Prasasti Kota Kapur (608 Saka=686)
Ditemukan di pulau Bangka. Prasasti ini berhuruf Pallawa dan berbahasa Sanskerta,
berisi tentang permohonan kepada dewa untuk menjaga kerajaan Sriwijaya dan
menghukum siapa saja yang akan bermaksud jahat. Prasasti ini juga menyebutkan
tentang penyerangan Sriwijaya ke sebuah kerajaan (kemungkinan adalah kerajaan
Tarumanegara).
Di akhir abad ke-8 beberapa kerajaan di Jawa, antara lain Tarumanegara
berada di bawah pengaruh Sriwijaya. Berdasarkan prasasti Kota Kapur, Sriwijaya
menguasai bagian selatan Sumatera hingga Lampung. Kerajaan ini menguasai
perdagangan di Selat Malaka, Laut Cina Selatan, Laut Jawa, dan Selat Karimata.

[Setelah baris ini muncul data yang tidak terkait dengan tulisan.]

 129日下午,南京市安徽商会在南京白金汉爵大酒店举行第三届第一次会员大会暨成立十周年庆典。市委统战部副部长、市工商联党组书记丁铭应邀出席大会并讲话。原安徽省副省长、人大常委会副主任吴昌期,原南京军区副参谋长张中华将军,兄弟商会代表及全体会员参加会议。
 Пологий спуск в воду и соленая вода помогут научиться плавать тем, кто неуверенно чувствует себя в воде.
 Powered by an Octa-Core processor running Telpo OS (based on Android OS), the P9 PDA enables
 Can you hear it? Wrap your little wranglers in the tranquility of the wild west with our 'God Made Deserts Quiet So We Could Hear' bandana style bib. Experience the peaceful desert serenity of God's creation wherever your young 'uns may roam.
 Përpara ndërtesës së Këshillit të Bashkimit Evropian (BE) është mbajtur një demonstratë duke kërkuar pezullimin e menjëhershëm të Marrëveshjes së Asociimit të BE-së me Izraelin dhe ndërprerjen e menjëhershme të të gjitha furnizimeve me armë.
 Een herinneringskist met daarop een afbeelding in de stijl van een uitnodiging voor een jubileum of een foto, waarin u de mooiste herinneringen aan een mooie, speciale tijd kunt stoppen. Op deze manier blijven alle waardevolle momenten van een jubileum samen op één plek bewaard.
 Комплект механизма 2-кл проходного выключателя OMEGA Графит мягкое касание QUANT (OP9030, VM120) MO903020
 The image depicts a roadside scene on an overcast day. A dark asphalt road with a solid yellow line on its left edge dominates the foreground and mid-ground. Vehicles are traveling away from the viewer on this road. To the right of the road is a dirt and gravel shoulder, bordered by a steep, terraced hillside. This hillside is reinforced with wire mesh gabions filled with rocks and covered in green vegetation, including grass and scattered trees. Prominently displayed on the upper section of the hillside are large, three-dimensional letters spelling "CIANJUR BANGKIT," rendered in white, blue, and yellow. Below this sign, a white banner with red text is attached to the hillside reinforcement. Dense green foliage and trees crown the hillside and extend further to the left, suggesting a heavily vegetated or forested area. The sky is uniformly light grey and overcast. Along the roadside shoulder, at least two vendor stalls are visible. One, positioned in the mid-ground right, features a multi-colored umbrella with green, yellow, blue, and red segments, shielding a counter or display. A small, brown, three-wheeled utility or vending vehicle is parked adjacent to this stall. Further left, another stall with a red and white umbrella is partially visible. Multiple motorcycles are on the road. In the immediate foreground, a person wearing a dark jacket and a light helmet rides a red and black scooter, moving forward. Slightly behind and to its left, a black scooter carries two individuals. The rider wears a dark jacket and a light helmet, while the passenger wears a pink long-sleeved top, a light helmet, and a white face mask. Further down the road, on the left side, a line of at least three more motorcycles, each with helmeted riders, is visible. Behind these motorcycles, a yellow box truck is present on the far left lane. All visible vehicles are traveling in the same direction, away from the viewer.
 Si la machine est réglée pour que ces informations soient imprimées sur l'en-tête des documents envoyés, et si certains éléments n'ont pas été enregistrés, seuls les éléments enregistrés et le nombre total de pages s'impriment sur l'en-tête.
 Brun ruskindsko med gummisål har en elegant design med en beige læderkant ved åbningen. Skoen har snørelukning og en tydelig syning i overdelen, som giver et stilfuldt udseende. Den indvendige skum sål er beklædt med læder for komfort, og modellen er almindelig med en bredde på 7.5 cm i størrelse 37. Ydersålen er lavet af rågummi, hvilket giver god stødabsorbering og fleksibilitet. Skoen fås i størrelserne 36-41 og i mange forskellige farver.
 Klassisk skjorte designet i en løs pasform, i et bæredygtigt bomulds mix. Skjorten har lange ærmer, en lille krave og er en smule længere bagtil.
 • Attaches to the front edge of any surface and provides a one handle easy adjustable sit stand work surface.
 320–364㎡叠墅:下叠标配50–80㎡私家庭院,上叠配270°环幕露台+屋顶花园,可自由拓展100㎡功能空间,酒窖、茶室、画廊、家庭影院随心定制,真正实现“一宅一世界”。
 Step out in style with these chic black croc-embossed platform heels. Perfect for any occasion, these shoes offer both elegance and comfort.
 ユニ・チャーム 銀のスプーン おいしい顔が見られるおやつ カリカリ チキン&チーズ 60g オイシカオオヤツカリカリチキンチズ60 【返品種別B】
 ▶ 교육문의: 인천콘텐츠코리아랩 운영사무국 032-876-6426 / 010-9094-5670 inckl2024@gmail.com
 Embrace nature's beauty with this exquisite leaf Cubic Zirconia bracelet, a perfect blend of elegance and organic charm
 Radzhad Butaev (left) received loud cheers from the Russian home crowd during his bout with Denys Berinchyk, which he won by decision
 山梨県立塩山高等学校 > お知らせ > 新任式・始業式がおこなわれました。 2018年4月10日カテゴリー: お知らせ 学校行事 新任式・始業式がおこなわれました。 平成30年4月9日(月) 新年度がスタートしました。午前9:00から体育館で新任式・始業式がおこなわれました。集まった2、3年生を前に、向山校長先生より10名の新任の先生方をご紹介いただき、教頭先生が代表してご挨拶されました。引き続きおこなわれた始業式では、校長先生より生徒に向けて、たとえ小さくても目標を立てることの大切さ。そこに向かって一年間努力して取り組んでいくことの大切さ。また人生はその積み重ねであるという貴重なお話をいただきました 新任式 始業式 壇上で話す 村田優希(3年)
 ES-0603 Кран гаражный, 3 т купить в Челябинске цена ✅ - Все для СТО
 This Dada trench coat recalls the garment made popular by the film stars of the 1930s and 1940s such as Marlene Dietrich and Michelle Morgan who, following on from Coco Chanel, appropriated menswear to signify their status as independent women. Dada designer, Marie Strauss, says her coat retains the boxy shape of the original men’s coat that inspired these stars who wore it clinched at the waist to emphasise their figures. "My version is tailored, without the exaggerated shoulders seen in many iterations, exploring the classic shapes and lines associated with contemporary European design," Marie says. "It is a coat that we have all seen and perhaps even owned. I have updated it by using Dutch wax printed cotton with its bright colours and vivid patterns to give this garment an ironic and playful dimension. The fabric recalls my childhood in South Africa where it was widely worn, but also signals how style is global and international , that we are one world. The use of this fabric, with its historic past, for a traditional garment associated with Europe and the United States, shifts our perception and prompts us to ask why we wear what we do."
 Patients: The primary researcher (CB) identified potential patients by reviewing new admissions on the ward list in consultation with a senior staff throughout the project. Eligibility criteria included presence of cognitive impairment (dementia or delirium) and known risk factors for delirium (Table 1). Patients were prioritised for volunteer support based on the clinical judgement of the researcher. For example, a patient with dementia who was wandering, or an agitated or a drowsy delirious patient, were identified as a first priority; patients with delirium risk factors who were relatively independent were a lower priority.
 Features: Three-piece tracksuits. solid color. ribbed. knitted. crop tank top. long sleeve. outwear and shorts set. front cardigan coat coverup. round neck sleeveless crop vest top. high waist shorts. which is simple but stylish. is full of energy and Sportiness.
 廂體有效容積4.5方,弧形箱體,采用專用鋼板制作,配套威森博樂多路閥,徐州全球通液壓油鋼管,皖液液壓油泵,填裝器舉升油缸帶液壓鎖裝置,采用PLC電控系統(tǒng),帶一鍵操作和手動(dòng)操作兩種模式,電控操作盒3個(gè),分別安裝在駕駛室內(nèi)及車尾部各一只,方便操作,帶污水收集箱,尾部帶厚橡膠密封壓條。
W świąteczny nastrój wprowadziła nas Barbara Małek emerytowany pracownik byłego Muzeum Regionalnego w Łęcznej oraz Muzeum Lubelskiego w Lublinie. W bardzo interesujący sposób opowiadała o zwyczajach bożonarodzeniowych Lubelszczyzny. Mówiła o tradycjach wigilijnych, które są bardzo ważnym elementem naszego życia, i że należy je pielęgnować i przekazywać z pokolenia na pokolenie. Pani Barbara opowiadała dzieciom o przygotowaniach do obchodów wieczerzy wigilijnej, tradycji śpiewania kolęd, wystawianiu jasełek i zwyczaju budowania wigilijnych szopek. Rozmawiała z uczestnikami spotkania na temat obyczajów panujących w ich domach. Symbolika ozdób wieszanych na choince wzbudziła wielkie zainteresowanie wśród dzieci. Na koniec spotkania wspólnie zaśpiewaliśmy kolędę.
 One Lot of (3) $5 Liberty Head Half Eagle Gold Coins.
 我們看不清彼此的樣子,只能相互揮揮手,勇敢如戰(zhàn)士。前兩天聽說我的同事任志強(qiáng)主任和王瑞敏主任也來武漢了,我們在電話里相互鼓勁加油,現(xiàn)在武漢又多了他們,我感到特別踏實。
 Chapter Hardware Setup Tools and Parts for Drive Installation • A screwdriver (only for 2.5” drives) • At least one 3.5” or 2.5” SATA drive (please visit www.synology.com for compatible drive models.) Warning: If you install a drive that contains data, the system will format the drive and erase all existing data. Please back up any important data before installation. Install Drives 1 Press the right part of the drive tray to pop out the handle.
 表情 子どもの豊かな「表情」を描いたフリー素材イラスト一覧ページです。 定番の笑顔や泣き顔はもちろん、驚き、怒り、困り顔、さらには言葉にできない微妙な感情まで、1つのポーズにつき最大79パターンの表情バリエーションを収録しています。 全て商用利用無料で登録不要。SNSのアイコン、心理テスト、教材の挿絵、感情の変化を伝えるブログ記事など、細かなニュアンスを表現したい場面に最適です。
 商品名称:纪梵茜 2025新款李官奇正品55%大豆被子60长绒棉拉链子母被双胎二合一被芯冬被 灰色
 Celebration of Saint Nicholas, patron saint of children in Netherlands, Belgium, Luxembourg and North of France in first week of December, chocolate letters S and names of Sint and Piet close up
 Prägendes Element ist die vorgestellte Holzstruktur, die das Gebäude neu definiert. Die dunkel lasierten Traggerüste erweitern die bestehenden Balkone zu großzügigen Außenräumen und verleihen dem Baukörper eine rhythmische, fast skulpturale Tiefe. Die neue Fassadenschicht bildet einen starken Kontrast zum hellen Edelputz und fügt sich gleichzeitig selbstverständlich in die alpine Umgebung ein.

Perluasan wilayah ke Jawa dan Semenanjung Melayu (Malaysia), menjadikan
Sriwijaya menguasai dua pusat perdagangan utama di Asia Tenggara. Catatan atau
bukti peninggalan Sriwijaya memang tersebar di berbagai negara yang berada
dalam kekuasaannya.
Kota Indrapura di tepi sungai Mekong, di awal abad ke-8 berada di bawah
kendali Palembang. Sriwijaya meneruskan dominasinya atas Kamboja, sampai raja
Khmer Jayawarman II, pendiri imperium Khmer, memutuskan hubungan dengan
kerajaan di abad yang sama.
Pada masa Samaratungga berkuasa, 792 sampai 835, ia lebih memusatkan
perhatian pada penguasaan wilayah di Pulau Jawa. Pada masa kepemimpinannya
itulah Candi Borobudur di Jawa dibangun dan selesai pada tahun 825.
Pada abad ke-12, luas wilayah Sriwijaya meliputi Sumatera, Sri Lanka,
Malaysia (Kelantan, Kedah, Pahang, misalnya), Jawa Barat, Sulawesi, Maluku,
Kalimantan, dan Filipina. Dengan penguasaan tersebut, kerajaan Sriwijaya
menjadi kerajaan maritim besar hingga sekitar tahun 1200.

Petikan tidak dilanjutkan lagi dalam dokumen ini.